This log is called Write-ahead log (WAL) in database systems, and is generally used to guarantee durability and atomicity.
In eager versioning, if there's a memory write, memory is immediately updated, but because we have to consider the case that the transaction is aborted, we maintain a log of the old values. When an abort needs to occur (when you see someone else's write before you commit), you walk through the undo log and write those contents to memory. This makes committing easy because you just have to squash the undo log, but aborting takes more work.
When exactly do we know to abort the transaction? Is it when the memory realizes there is a race going on? Or is this implementation specific?
But if we are allowing two processors to write to memory at the same time and just aborting the changes, won't this lead to lots of cache invalidations, resulting in poor performance?
How would we be able to tell if we are observing a write that has not occurred if we are only looking at memory? Would we need to look at the undo log from other transactions in order to tell, and wouldn't that make writing expensive?
Also confused about when the abort would occur. In this diagram, it seems like the write occurs at the same time the undo log is created. So, in this case, how would it know that it needs to abort?
The only situation I can think of is that since there are two steps (writing and creating the undo log), you do one first (create the undo log) and then immediately try to write. If the write observes a different value from what the undo log holds, then it will abort. Otherwise, it will commit.
Eager versioning can cause other processors to observe an uncommitted value right? ie. in this example, a different processor might be able to see x=15 before the undo happens.
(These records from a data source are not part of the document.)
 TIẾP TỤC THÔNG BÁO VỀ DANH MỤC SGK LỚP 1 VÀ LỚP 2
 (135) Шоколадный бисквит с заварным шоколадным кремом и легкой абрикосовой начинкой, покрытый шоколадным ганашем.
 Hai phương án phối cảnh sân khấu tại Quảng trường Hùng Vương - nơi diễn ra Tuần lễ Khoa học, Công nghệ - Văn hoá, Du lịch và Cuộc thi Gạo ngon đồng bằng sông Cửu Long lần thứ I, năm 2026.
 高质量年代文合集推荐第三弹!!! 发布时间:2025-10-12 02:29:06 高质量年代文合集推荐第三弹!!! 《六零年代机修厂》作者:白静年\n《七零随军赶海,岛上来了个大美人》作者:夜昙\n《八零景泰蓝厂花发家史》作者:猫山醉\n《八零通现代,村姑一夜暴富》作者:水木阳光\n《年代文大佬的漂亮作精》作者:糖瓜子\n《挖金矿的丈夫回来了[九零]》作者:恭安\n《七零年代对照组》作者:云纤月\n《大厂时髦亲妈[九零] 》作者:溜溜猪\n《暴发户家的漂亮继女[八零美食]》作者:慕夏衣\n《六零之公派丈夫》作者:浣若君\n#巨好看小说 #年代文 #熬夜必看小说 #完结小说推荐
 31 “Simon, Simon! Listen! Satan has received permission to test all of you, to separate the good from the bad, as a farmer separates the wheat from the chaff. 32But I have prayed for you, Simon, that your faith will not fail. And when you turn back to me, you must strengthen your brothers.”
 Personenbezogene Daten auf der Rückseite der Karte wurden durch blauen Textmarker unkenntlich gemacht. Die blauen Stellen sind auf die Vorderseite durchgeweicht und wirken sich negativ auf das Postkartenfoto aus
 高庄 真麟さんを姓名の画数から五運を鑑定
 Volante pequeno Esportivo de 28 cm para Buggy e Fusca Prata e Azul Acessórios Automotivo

This seems problematic, even if we aren't trying to write from the other processor.
From the property of isolation of transactions, transaction results shouldn't be visible to others before committing. How is this achieved with eager versioning since memory is already modified?
@trappedin418 @qqkk This is achieved with pessimistic detection. At each read/write, the transactions checks the others for conflicts. If there is a conflict, then the conflicting transaction is either aborted or stalled. So right before the transaction sees the "already committed write", the transaction system prevents it from continuing. This maintains the eager versioning invariant.
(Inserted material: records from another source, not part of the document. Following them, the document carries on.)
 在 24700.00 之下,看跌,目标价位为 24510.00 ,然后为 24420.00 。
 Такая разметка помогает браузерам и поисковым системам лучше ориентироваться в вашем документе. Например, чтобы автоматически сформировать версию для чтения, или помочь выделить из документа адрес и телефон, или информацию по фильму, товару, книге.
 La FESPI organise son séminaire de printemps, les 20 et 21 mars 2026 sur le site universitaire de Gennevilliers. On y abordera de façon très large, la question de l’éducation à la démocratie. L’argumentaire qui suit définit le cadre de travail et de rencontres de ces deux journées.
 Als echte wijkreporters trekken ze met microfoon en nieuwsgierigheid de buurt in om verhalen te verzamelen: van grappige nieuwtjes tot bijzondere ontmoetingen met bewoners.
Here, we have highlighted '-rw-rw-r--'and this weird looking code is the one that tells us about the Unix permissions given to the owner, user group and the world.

@trappedin418: this is a problem when you try to access memory locations that are supposed to be transactional without going through the transaction interface. There are various names for safety properties that deal with this, and various schemes to deal with it. I don't have time to elaborate right now but this has a summary of some of the issues in one of the later sections.
Also, this is part of the reason why Haskell people particularly like STM, since the type system of that language prevents such things (accessing transactional memory without going through transactions) from happening.